Слева от отделения «Серпа и молота» находилось молитвенное собрание христиан-баптистов. Баптисты собирались по вечерам и пели хором. В теплое время они пели при открытых окнах…
Отделение «Серпа и молота» занимало длинную узкую комнату, зажатую между баптистской молельней и парикмахерской. Входили прямо с улицы. Единственное окно давало мало света, его заслонял фанерный щит с призывом подписываться на «Серп и молот».
Севастьянов пришел сюда хозяином. Нашел пустую отсыревшую комнату в пыли и паутине, на полу была просыпана земля. Маленькие сени позади комнаты заставлены битыми цветочными горшками. Видимо, тут был цветочный магазин.
Севастьянов хотел выбросить горшки в мусорный ящик во дворе, но из квартир повыходили жильцы и стали кричать, что он весь ящик забьет своей дрянью. Пришлось нанимать подводу и вывозить горшки на свалку.
Редакция прислала уборщицу, та все помыла и побелила, и сразу в отделении посветлело. Привезли стол и два стула — один для Севастьянова, другой для посетителей. Поставили печку-буржуйку с коленчатой трубой, труба выходила в окно над рекламным щитом. Но топить, кроме старых газет, было нечем, и Севастьянов до теплых дней сидел за столом в ватной куртке и шапке.
Особенно-то сидеть не приходилось. С утра он бежал на заводы: вербовал подписчиков, принимал от рабкоров заметки. Вечером забирал из экспедиции газету и вез в отделение раздавать подписчикам. Горсовет сделал возле редакции трамвайную остановку. Вагоновожатый ждал терпеливо, пока Севастьянов погрузится. И как же гордо ехал Севастьянов со своим грузом на передней площадке, словно депутат. Каким он себя чувствовал значительным, нужным человеком. Как приятно было вытащить газету из пачки и подарить вагоновожатому… Контролеры Севастьянова не беспокоили, они его знали в лицо. А на месте выгрузки, у площади с памятником Марксу, уже дожидаются, бывало, подписчики, помогут и выгрузить, и снести газету в отделение. Севастьянов отмыкал висячий замок и входил первым. Приходили индивидуальные подписчики и уполномоченные от предприятий — получать на весь коллектив. Они звали Севастьянова Шуркой. Говорили: «Ты там скажи в редакции — где же наши заметки, почему о нашем заводе давно ничего нет».

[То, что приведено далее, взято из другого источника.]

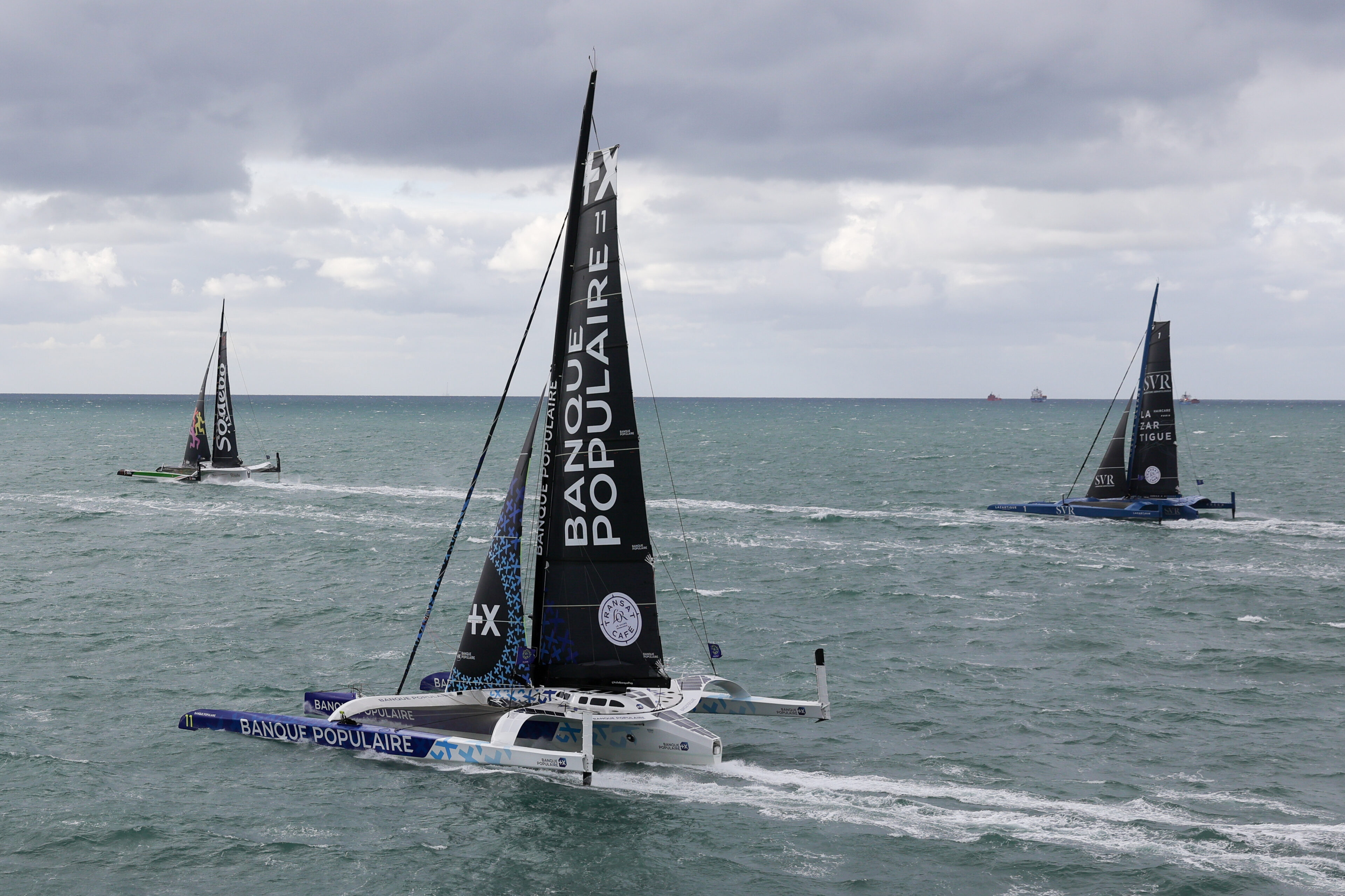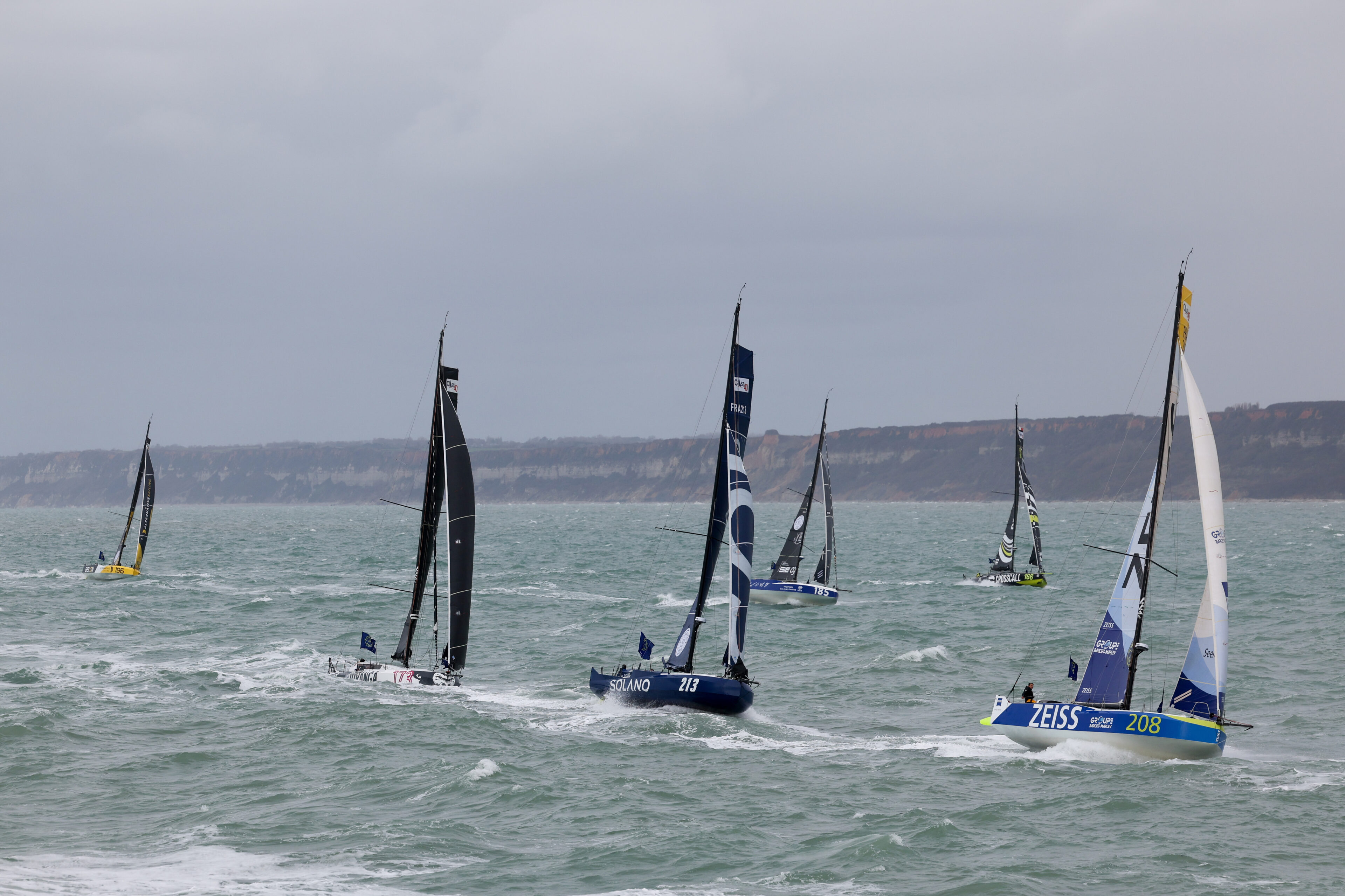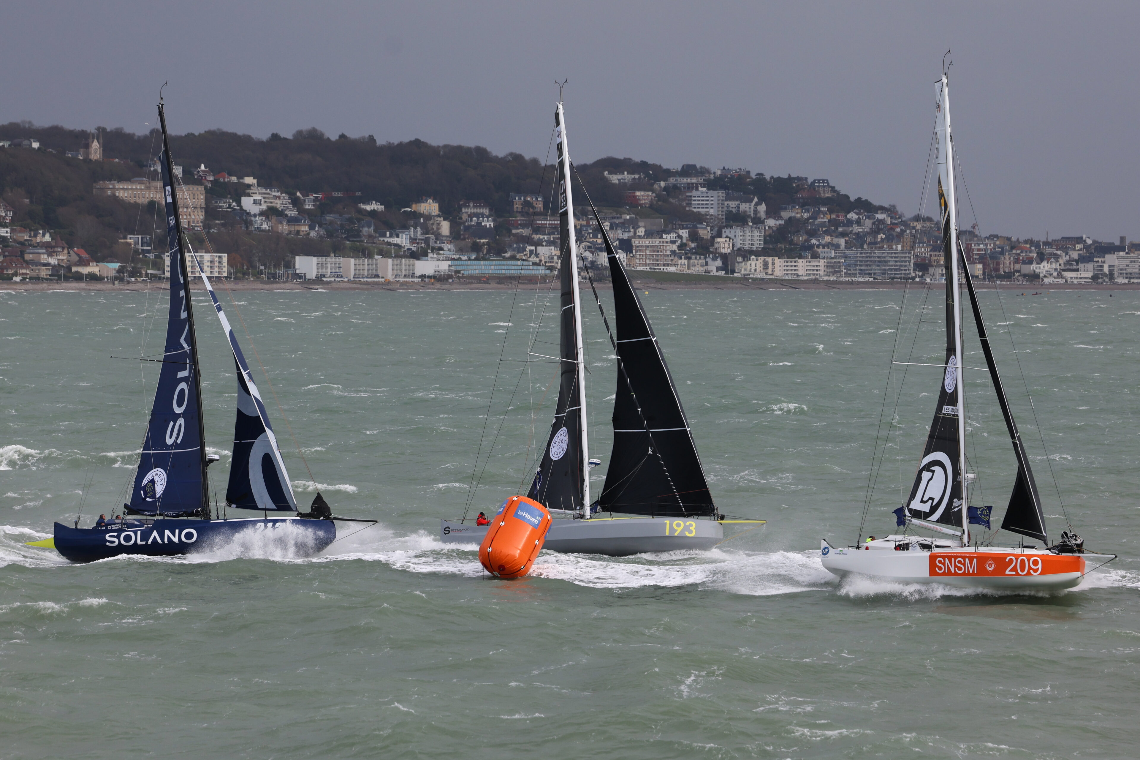 Vingt minutes plus tard, les IMOCA se placent. Leurs sillages irréguliers témoignent de leur impatience. Lancés comme une flèche, Louis Burton et Clément Commagnac (Bureau Vallée) s’envolent en tête avant de se faire griller la priorité par Jérémie Beyou et Morgan Lagravière (Charal) au détour de la bouée Normandie.

Кроме всех этих дел, нужно было убирать в отделении, уборщица полагалась только в экстренных случаях. Севастьянов чистил пол скребком, мел веником, поливал водой из лейки. Лейку ссужал сосед, парикмахер Жан, Иван Яковлевич. И улицу подметал Севастьянов, справа от него работал метлой Иван Яковлевич, слева — сторож из баптистского молитвенного дома. Иван Яковлевич симпатизировал Севастьянову и стриг его бесплатно, только за одеколон брал, когда Севастьянову приходила фантазия подушиться.
Все, что требовалось, Севастьянов делал с азартом. Потому что это была работа для «Серпа и молота».
«Серп и молот!» Мир дивный, могущественный! Держава печати! Вот только сейчас фельетонист Вадим Железный в роскошной новенькой скрипящей кожанке сидел у залитого чернилами стола и писал — писал и зачеркивал, комкал и швырял в корзину… и вот уже несут его листки вниз в типографию; и важный наборщик в черном халате, в очках с серебряной оправой, положив перед собой эти листки, набирает в верстатку свинцовые букашки, в свинцовые рядки строит сочинение фельетониста и ловко связывает шпагатом; и печатная машина, жужжа, хлопает плоским крылом, и стопы влажных газет растут на обшарпанном прилавке экспедиции, и газетчики выбегают на вечернюю улицу, крича:
— «Серп и молот» на завтра, речь Чичерина, забастовка докеров в Англии, новый фельетон Вадима Железного!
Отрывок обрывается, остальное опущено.